Just a week ago my daughter was still breastfeeding. It was her favorite time of the night. The past two nights she has gone to bed without even asking for breast milk. She has slept through the night, soundly, the past  nights for the first time ever. My husband and I can hardly believe it. 
I wish I can say I am jumping for joy. I have very mixed emotions, but overall I am relieved and very proud of her (and myself!). 
It all started about a month ago. She was FRANTIC for “boobies”. I mean, it was all she thought about. Her molars were coming in, so her major comfort was being breastfed. At night we could not even finish a bedtime book before she was clawing at my shirt and trying to rip it off so we could cuddle and I would feed her. She could only fall asleep this way. 
I was so nervous to wean her knowing how much she loved it and also that is has been a major part of our lives the past two years. I have always heard people tell me there will come a point where I am just ready. I realized last week I was ready. Watching her get so frantic made me realize the time had come. A friend of mine shared this bible verse with me and it helped me to recognize the peace that would come for Lillian once I weaned her:  

Surely I have behaved and quieted myself, as a child that is weaned of his mother: my soul is even as a weaned child. Psalm 131:2. 
I read different ways to go about weaning. I went to several different sources, but in the end, developed my own approach that has worked for my daughter and I. I am grateful for an amazing breastfeeding consultant whom gave me stellar advice. 
First thing, I talked to my daughter a lot about what was going to happen. As she is two years old, she is old enough to reason with and talk to. I made simple statements that helped her understand the weaning process so she would be less scared or confused. For a long time I simply pulled away my breast after fifteen minutes and said, “All done, no more boobies.” She would cry and cry! The lactation consultant told me to change my dialogue. She recommended I talk to Lillian before hand about expectations for the feedings. It would go something like this:
“Lillian, I am going to feed you now. You may drink as long as I sing the ABC song. Once the song is over, you are all done. Do you understand?”
She would usually nod, and I would begin. I could speed up or slow down the song to my liking, but once we were over I reminded her she was all done. She never cried after. It only took her a couple times of feeding like this and she would simply finish right as the song ended on her own terms. I would praise her for listening well and tell her what a big girl she was. She was always proud of herself. 
We also shared our expectations of when feedings would happen. It went like this
“Lillian, from now on we are only going to do boobies when it is dark outside. Tonight when it is dark we can do that. Ok?”

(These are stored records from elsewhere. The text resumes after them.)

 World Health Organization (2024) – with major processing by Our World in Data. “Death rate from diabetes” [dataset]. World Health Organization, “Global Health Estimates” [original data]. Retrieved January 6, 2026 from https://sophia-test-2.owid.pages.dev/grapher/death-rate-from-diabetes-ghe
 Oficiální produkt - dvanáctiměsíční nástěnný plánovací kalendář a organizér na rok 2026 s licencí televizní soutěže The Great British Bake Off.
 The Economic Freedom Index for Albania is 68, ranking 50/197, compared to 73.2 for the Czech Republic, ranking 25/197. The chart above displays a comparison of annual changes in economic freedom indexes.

The lactation consultant reminded me that children are visual and rather than say ethereal things they do not understand like, “No feeding until tonight” change it to using terms like dark and light, since they understand that better. 
We did this for about a two weeks, and cut down feedings drastically this way. We were down to only one night feeding when I decided to really be all done. At this point I simply had a talk with Lillian with Brian present. It went something like this:
“Lillian, Mommy and Daddy have something to tell you. We love you VERY much! You are such a big girl now. Starting today, we won’t be doing boobies anymore. Instead we will do other fun things at bedtime. We can read books, and if you get thirsty you can have milk or water! Do you understand?”

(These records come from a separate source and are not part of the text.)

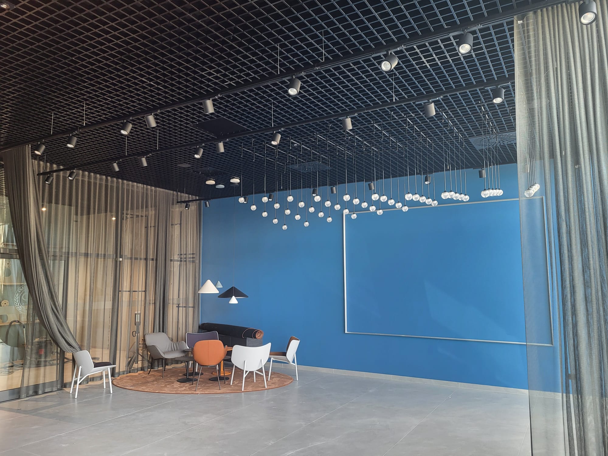 Wielkogabarytowej, podwieszanej oprawy o wymiarach 5 m × 3 m, zaprojektowanej i wykonanej na zamówienie specjalnie dla tej przestrzeni.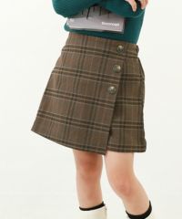トレンド感のある『裏起毛 チェック&無地 ラップスカート風パンツ』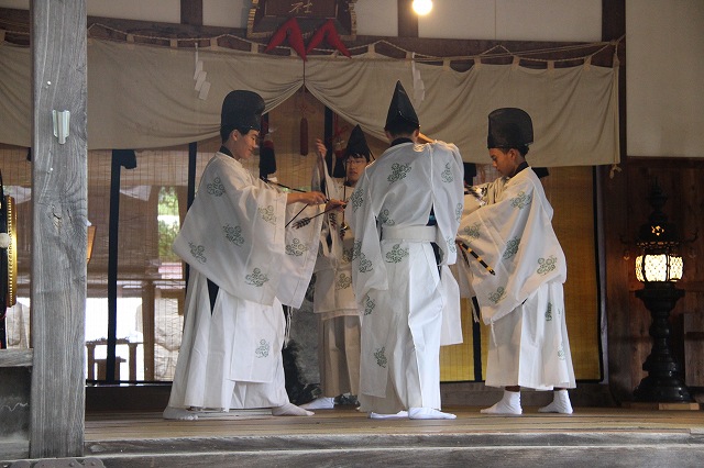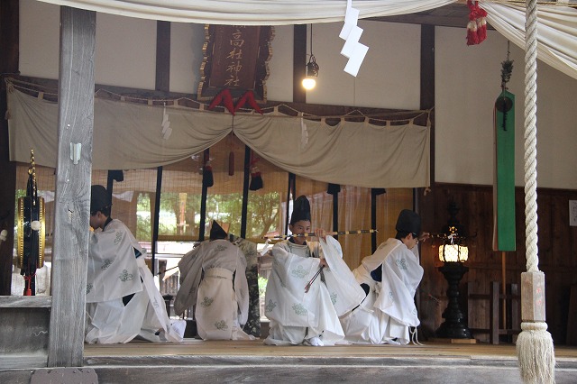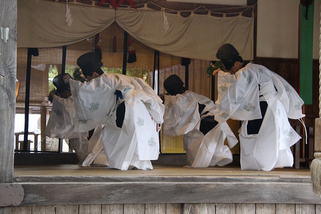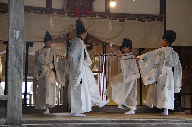 神楽である。禊の舞、龍田の舞、鈴神楽の舞、四弓殿の舞、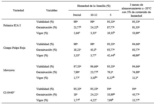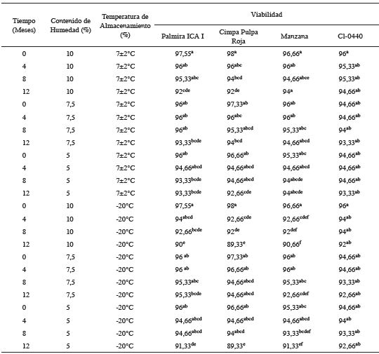 La semilla de la variedad Palmira ICA I almacenada con un contenido de humedad del 10%, a 7±2°C y -20°C de conservación presentó una disminución significativa en la viabilidad a los 12 meses de almacenamiento (Cuadro 3), mientras que las semillas conservadas con un contenido de humedad del 7,5% en estas con- diciones de temperatura, fueron viables en el tiempo. La semilla almacenada con un contenido de humedad del 5% presentó una disminución significativa en la viabilidad durante los 12 meses de conservación cuando la semilla se almacenó a -20°C.

She nodded yes, and amazingly, the talk worked. She asked for “boobies” once, I simply said, “Remember what we talked about this morning? No more boobies, honey. Would you like to read a book?”. That was it. She never asked again. It has been two full days and it is like she never nursed. 
So- if you are trying to wean gradually and pain free let me summarize:
1. Set boundaries and communicate them to your child using descriptive words they can grasp. 

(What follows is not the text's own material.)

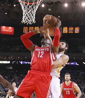 火箭首发阵容:莫泰尤纳斯、阿里扎、霍华德、贝弗利、哈登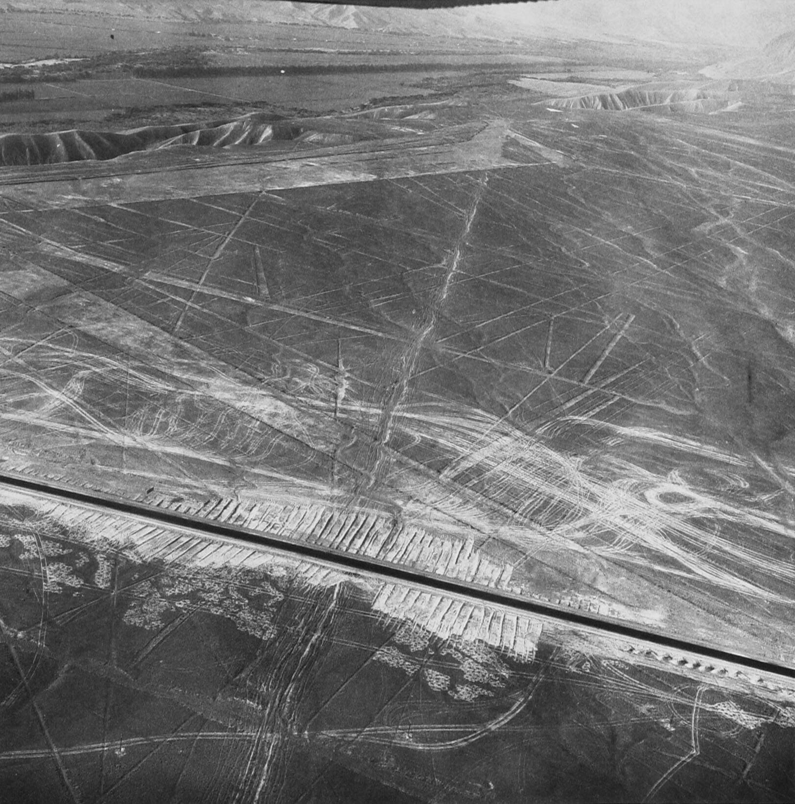 Luchtopname van de Nasca lijnen in het woestijn gebied. De Panamericana, de bulldozer en autosporen die de Nasca lijnen doorsnijden

2.  Follow through. (Stop feeding when you said you would).
3. Reduce feeding. Keep a log or journal and each day cut a feeding out or reduce time during feeding. 
4. Once you are down to one feeding a day, decide on a “last day”. 
5. Communicate to your child using descriptive words there will be no more nursing. Use lots of praise and reminders how proud you are of her, how big she is, and how brave she is. Get a special milk or water cup for bedtime and come up with alternatives or distractions should she ask for nursing. Give it a night or two and stick with it!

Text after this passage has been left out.